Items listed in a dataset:

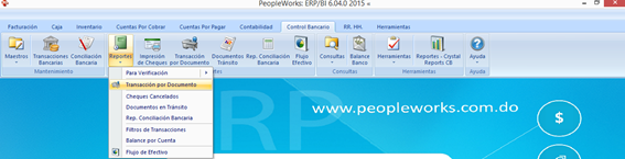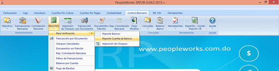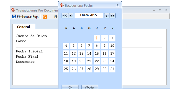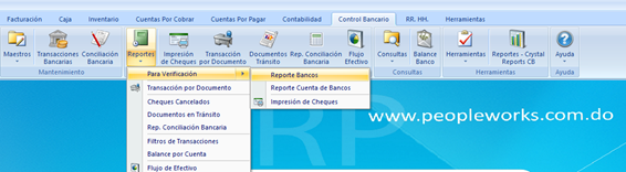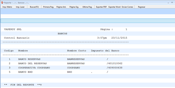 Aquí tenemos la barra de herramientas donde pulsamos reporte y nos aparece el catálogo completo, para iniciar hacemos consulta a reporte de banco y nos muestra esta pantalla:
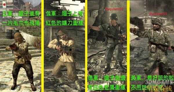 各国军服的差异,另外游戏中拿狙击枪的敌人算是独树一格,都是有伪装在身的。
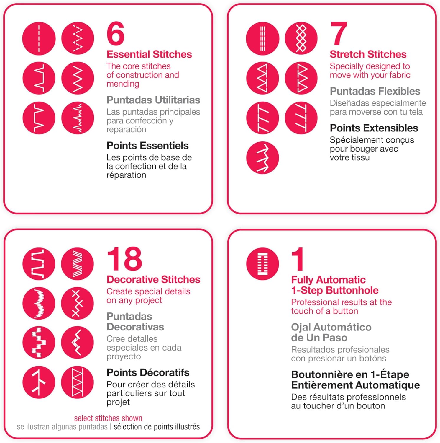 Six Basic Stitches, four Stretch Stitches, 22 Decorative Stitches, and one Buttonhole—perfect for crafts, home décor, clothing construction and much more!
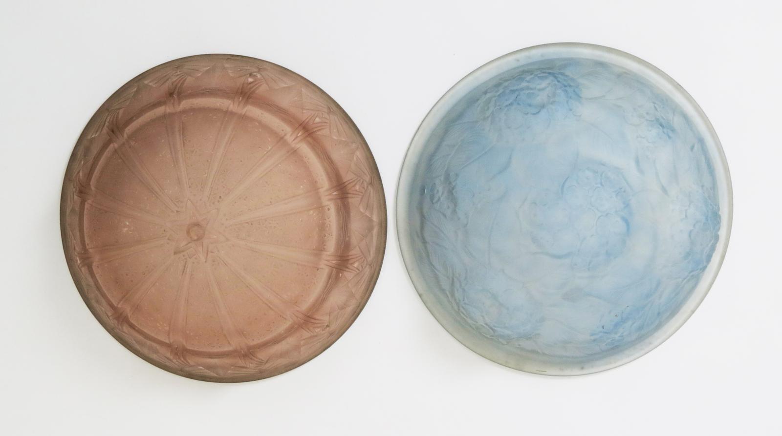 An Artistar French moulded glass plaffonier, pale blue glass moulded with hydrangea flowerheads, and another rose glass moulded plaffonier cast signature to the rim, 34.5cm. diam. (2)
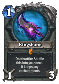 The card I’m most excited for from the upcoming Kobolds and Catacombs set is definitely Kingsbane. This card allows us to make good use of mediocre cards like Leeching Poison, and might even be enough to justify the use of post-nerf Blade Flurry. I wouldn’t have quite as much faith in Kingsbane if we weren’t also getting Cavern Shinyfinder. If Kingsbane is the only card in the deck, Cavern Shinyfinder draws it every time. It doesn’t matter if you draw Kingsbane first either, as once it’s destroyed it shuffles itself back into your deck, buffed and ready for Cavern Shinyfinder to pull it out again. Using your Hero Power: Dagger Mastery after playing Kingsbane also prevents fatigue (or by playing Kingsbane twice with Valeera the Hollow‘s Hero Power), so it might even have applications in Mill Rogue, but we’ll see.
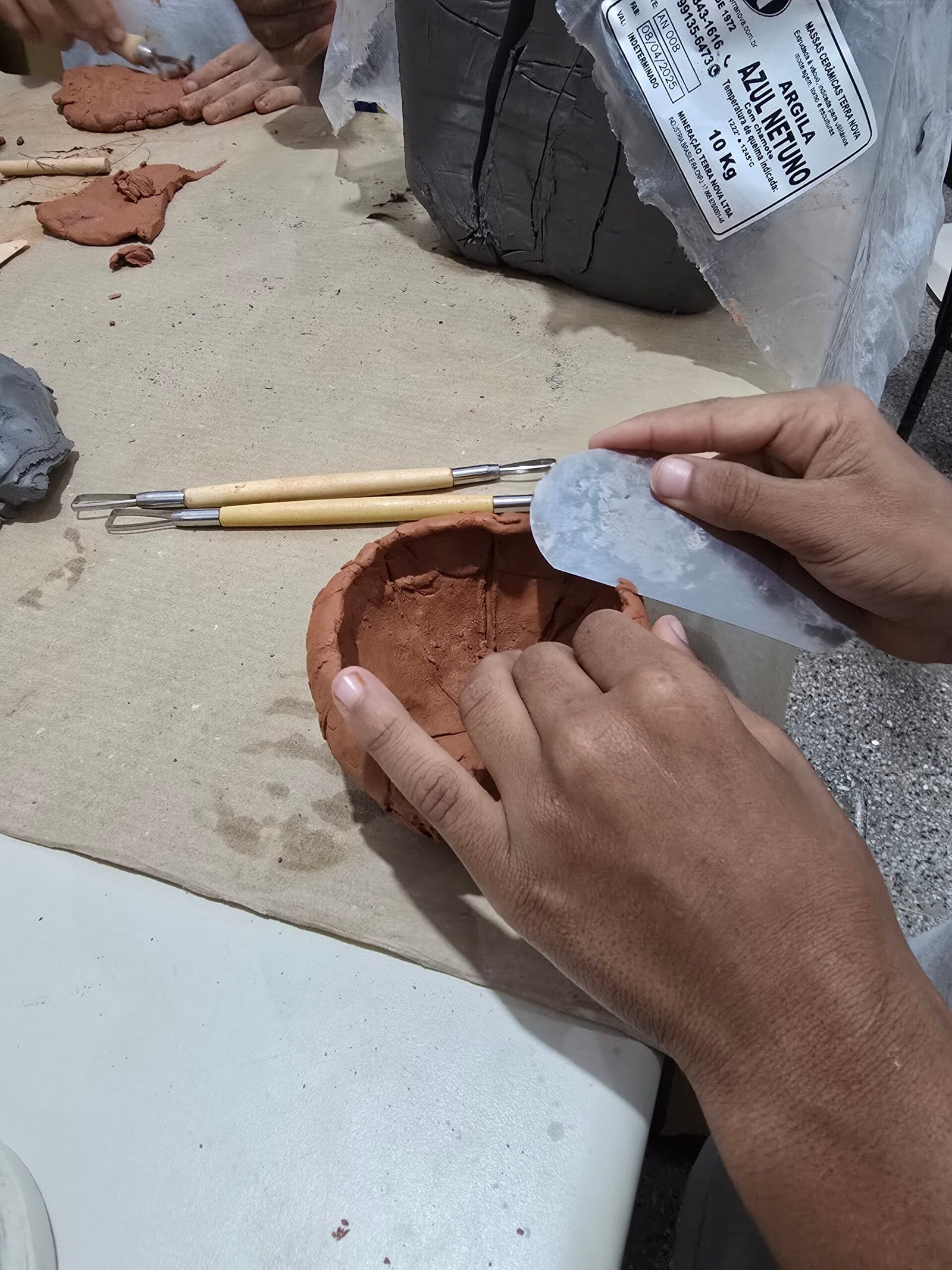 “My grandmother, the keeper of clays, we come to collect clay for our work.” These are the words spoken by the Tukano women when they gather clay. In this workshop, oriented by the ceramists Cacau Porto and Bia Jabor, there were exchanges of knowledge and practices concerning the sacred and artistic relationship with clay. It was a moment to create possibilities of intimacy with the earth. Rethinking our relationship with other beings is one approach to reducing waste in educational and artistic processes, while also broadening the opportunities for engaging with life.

**INSTRUCTIONS FOR THE TASK**
Output the lines, exactly: the first line of the entries above, every line after it, and the line with "Six Basic Stitches, four" as the last. No pictures.

**EXERCISE RESPONSE**
 Aquí tenemos la barra de herramientas donde pulsamos reporte y nos aparece el catálogo completo, para iniciar hacemos consulta a reporte de banco y nos muestra esta pantalla:
 各国军服的差异,另外游戏中拿狙击枪的敌人算是独树一格,都是有伪装在身的。
 Six Basic Stitches, four Stretch Stitches, 22 Decorative Stitches, and one Buttonhole—perfect for crafts, home décor, clothing construction and much more!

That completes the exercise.